While highlighting that not sharing information about the patient’s history of local travel is the government’s conscious choice, Dr. Ramana Dhara, professor at Indian Institute of Public Health (IIPH-Hyderabad) and adjunct professor at Atlanta’s Emory University, said it was the failure of the government to intervene and reassure the public that led to panic in Mahendra Hills. “The Mahendra Hills case is one of social stigma, just like the Chinese were stigmatised. The best way to counter this is for the health officials to provide accurate scientific information that the virus is not airborne and that measures like home quarantine, social distancing will effectively contain the transmission,” the professor said.
Former vice-chairman of the National Disaster Management Authority (NDMA) Dr. Marri Shashidhar Reddy, however, feels the number of cases confirmed as positive in Telangana could be misleading. He pointed out that a lot of people were being turned away after checking their travel history, despite showing flu-like symptoms. According to him, doing so would negate the efforts put in reaching out to all those persons traveling into the country. “Do not go just by the travel history and turn away people to save on the kits. The kits do need to be used judiciously but we cannot take such huge risks,” he said.
Telangana does have the capacity to test 450 samples a day in five different labs, but the samples tested currently per day are much lesser. Echoing similar views as Dr. Reddy’s, Dr Ramana too said
unless you test, you don’t detect positive cases. “The debate if India has moved from stage 2 to stage 3 transmission can only be put to rest if you test widely. If you don’t test, you don’t find cases.
Coronavirus illness will mimic flu-like illness. So testing capacity has to be drastically increased. Everyone meeting the government of India criteria like travel history, history of contact with the positive case, etc should be tested,” he asserted.
Commenting on the Kerala model of aggressively dealing with the virus, Dr Ramana said a widespread epidemic like Covid-19 requires such an aggressive approach. He pointed out that the number of cases in Italy had started rising unexpectedly and should be a lesson for all.

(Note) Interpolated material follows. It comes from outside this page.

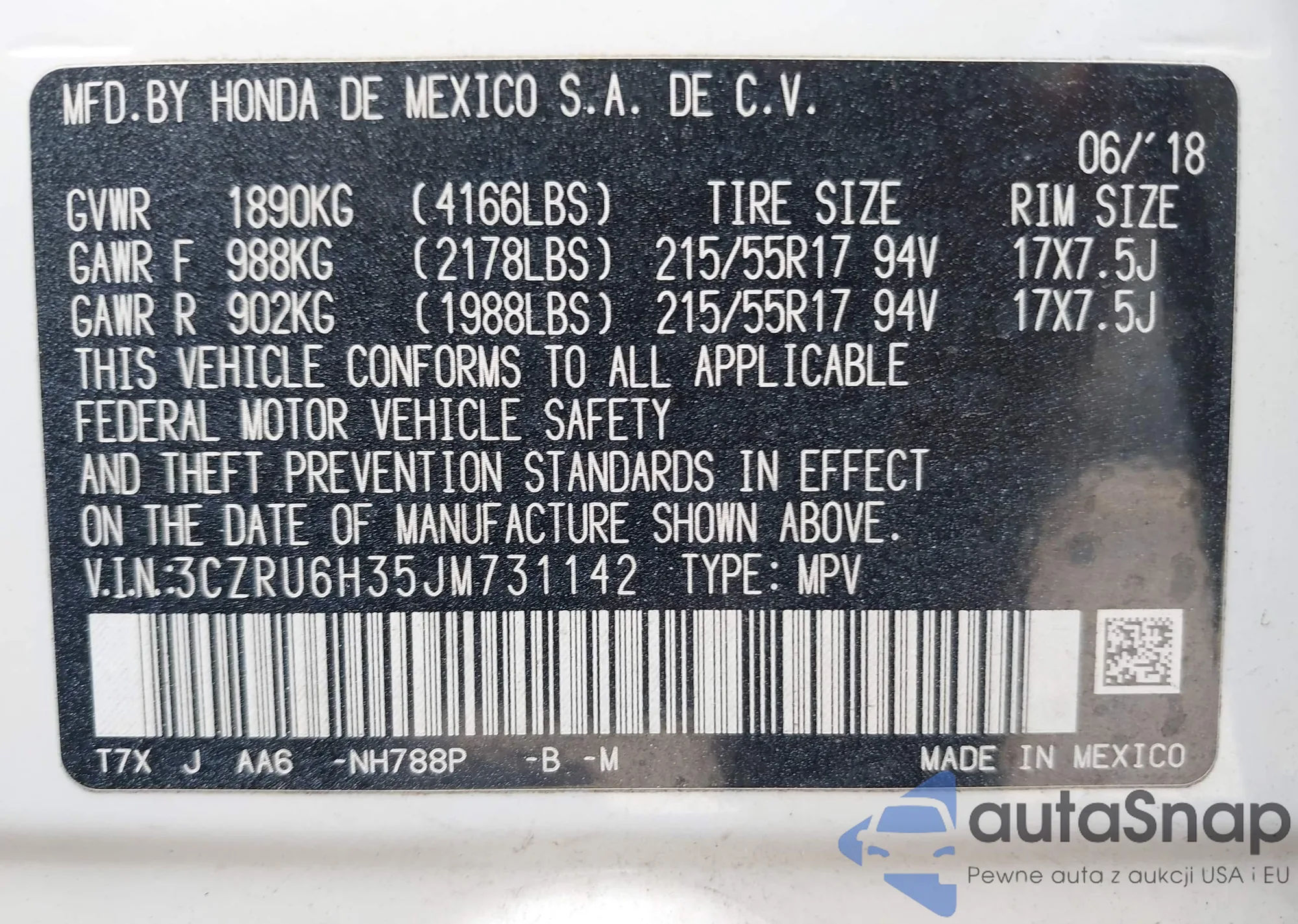 • VIN 3CZRU6H35JM731142

Agreeing with Dr Ramana, Dr Reddy said Italy did the mistake of taking Covid-19 lightly. “It was a very unfortunate, irresponsible and regrettable statement from Chief Minister K Chandrashekhar Rao when he asked people to not worry and take paracetamol. One of the reasons for the spread of the virus in Italy is that initially, they started doing self-medication by taking Brufen. Do not spread panic but do not say such things as well,” Dr Reddy added.
According to him, the state government should explain the local travel history of patients. “We learn from the experiences of others. If a Covid-19 positive has traveled to X place before detection and isolation, let the information out so that someone who sees that and had also visited the place at that time, could be careful and isolate himself at home,” he added.

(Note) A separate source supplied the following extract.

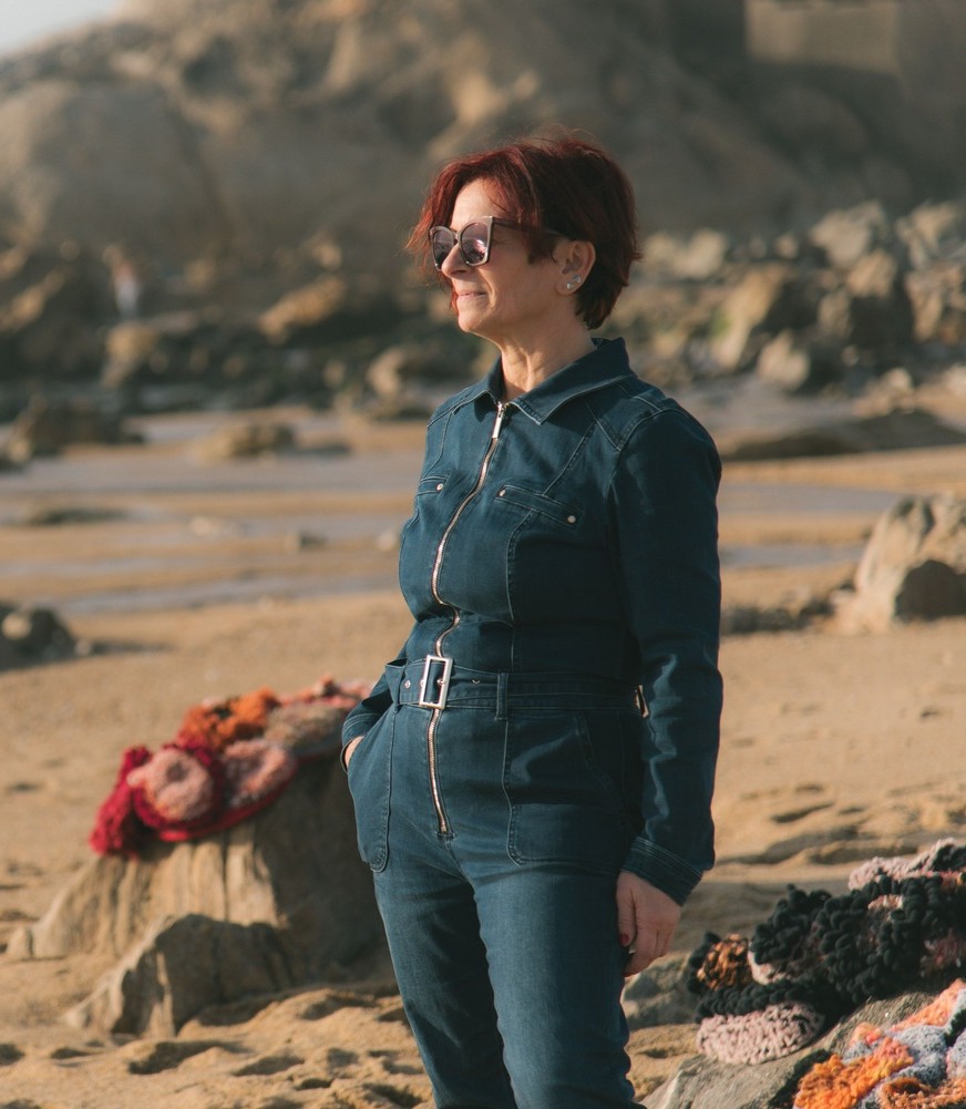 Marita Setas Ferro is a Portuguese creative in several areas: art, crafts, fashion, sustainability and cultural manager. She likes to combine them in new and impactful approaches. She has been working as culture manager and creative director for some years in projects, exhibitions and now is also developing exhibitions and curating dedicated to Fine Craft and Sustainable Design. She has been developing her textiles sculptures using traditional needle techniques, crochet and knitting, in an artistic representation of marine natural elements. The way is techniques are applied results in an initial surprise in which there is a confrontation between the tradition present in the techniques and the innovation of form, aesthetics, textures and colour and in this clash, the pieces build a dialogue with those who see, touch and feel them.

Admitting that transparency is the key, Dr Ramana said it is an information vacuum that leads to a situation where conspiracy theories and treatment discoveries start spreading. In Telangana, three persons were arrested by Bhongir police on March 16 for spreading fake news and another similar case is registered elsewhere too. “The best way to counter this is by providing good scientific information,” said Dr. Ramana.
The president of the Telangana chapter of Indian Medical Association, Dr. E Vijayendra Reddy, while maintaining that transparency is important, said the government is in a fix. “It is very important that no panic is created. The government must do justice to its people and also take care of the patients,” he stated. However, hinting that the government is doing a good job, he said what is more important than discussions is that all precautions are taken sincerely and the State is prepared for any eventualities.